In the same year, she was credited in several places as being a potential originator of the "panier effect", a piece of 18th century historicism, possibly drawn from her own collection of antique dress, that was the opposite of Poiret's lampshade tunic. The style might have been a precursor to a later skirt silhouette, popular in the late teens and very early '20s, which had more volume in the hips. Even without that influence, though, shorter overskirts were at the cutting edge of fashion at the time, and it's telling that Chéruit was a leading part of it.
example of the panier fashion, Silk, May 1912

Then, in 1914, a New York Times article credits her with even more innovation:
Last Spring this establishment changed the existing line of a woman's figure by making its greatest circumference just below the knee, and it was then rumored that the next step would be to drop the tight underskirt that increased the seeming size of the tunic's hem and lengthen the tunic into a full skirt, having one garment instead of two. 
This prophecy came true. Cheruit simply made the overskirt into a lower skirt, thereby putting the fullness at the shoetops instead of the line below the knees. And it really is at the shoetops, for never were gowns so short for street wear since the early days when our ancestresses went out in public far more uncovered than the modern woman dares to be. 
The house of Cheruit was not alone in this simple adjustment of our lower garment which, however, spells such a drastic change in our apparel; all the other houses did it, showing some prearranged plan, no matter how much the Syndicate may deprecate it. Each house, however, had its own way of making the greatest circumference at the shoe tops, and Mme Cheruit's way may prevail, as her long tunic certainly gowned all the States last Summer, and is really doing so now. ...
Chéruit summer gown, Gazette de Bon Ton, May 1914
In 1915, Harper's Bazar was advertising itself in many other magazines with the promise of bringing readers the designs of Louise Chéruit, "master of the art of drapery" with "unquestioned standing", pointing to her power and popularity even during World War I. However, at the time she was apparently embroiled in a scandal involving an Austrian lover (though I can't find independent corroboration of this off Wikipedia), and there were rumors that she had been shot as a spy, as nobody had seen her in some time or knew where she was. After the wave of 1915 ads touting Chéruit's name and skills, maison Chéruit is still included in lists of top couturiers, but references to being at the top of fashion or creating new styles cease - coinciding with the sale of the house to Louise Boulanger and a Mme Wormser. Apparently they considered changing the name of the house to Wormser and Boulanger in 1916, but, like Marie and Louise, they found it more profitable to retain the name their clients were familiar with.

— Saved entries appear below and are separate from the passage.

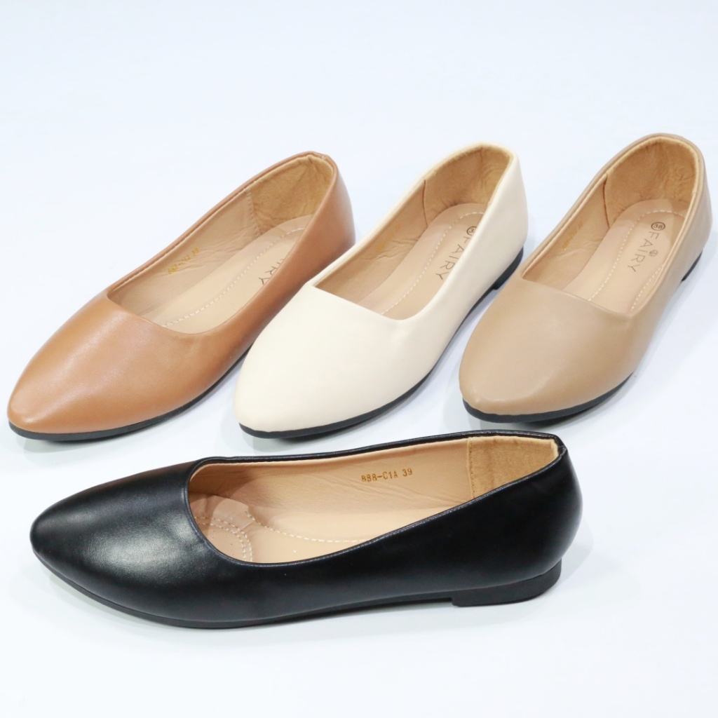 รองเท้าส้นแบน 888-C1A รองเท้าคัชชู หนังด้าน FAIRY
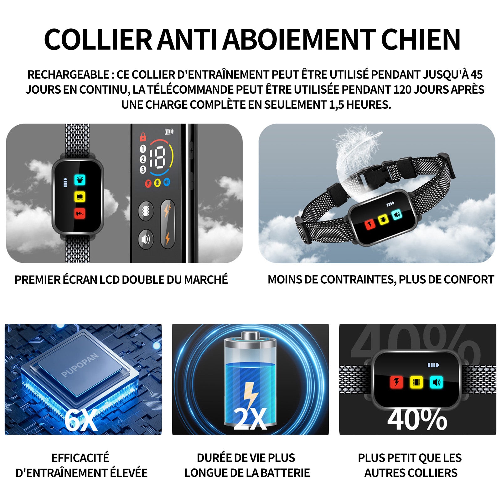 3. Rechargeable : Ce collier d'entraînement peut être utilisé pendant jusqu'à 45 jours en continu, la télécommande peut être utilisée pendant 120 jours après une charge complète en seulement 1,5 heures.
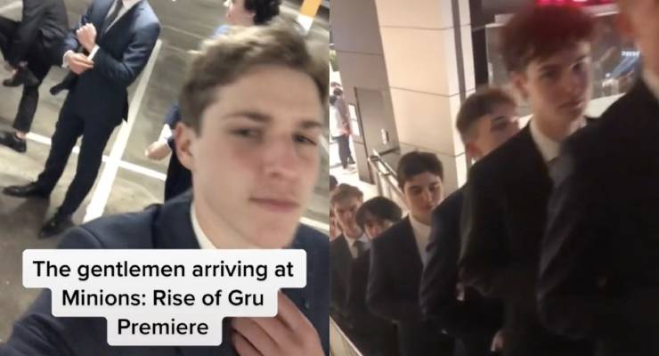 I don’t know how to ease you into the topic so I’m just going to say it: mobs of unruly teens inspired by viral TikToks are attending showings of the new Despicable Me film, Minions: The Rise of Gru, dressed in suits. Naturally, they call themselves the Gentleminions.
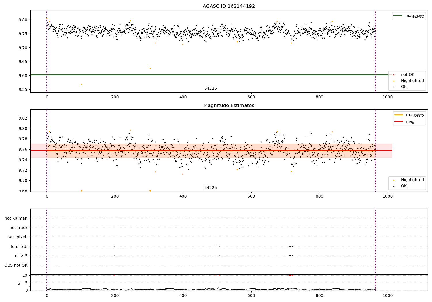 | OBSID | Time | Row | Col | N | Nok | Nout | ftrack | fdr3 | fdr5 | fok | ⟨ δ mag ⟩ 100s | ⟨ mag ⟩ | σmag | Comments |
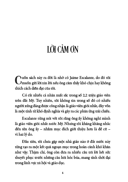 Cuốn sách được viết vào năm 1988, kể về những năm đầu đời thầy Escalante cống hiến với nghề giáo. Thế nhưng sự cống hiến không dừng lại ở đó, thầy vẫn tiếp tục hành trình truyền lửa cho học trò. Hơn 30 năm đứng trên bục giảng, Escalante giữ vững phương pháp giáo dục này và bằng lòng yêu thương tràn đầy, ông đã đào tạo hơn 400 học sinh ưu tú đỗ vào những trường đại học nổi tiếng thế giới như Harvard, MIT, Stanford...
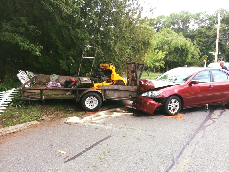 Authorities believe a landscape crew parked a truck and trailer on the shoulder of the lane with a reflective cone placed in the roadway behind the trailer. A 71-year-old Mansfield woman drove her red Toyota Camry through the cone and struck the trailer, sending it 35 feet down the road.
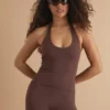 BOOHOO Dsgn Studio Sports Supersoft Seam Detail Padded Halterneck Top

Models from Harper's Bazar, January 1916
I can't find any more information on Louise Chéruit - the Wikipedia article says that she retired in 1923, but there's no evidence that she stayed on after selling the house. An article covering the house's designs in 1916 implies that she was no longer involved at that time. She died in 1935, and soon after Elsa Schiaparelli purchased the premises from Wormser (Boulanger started her own house, Louiseboulanger, in 1927) on her meteoric rise to success.

(Sorry for not using the pictures of the extant pieces in the MMA - none of the photographs are released for academic use yet.)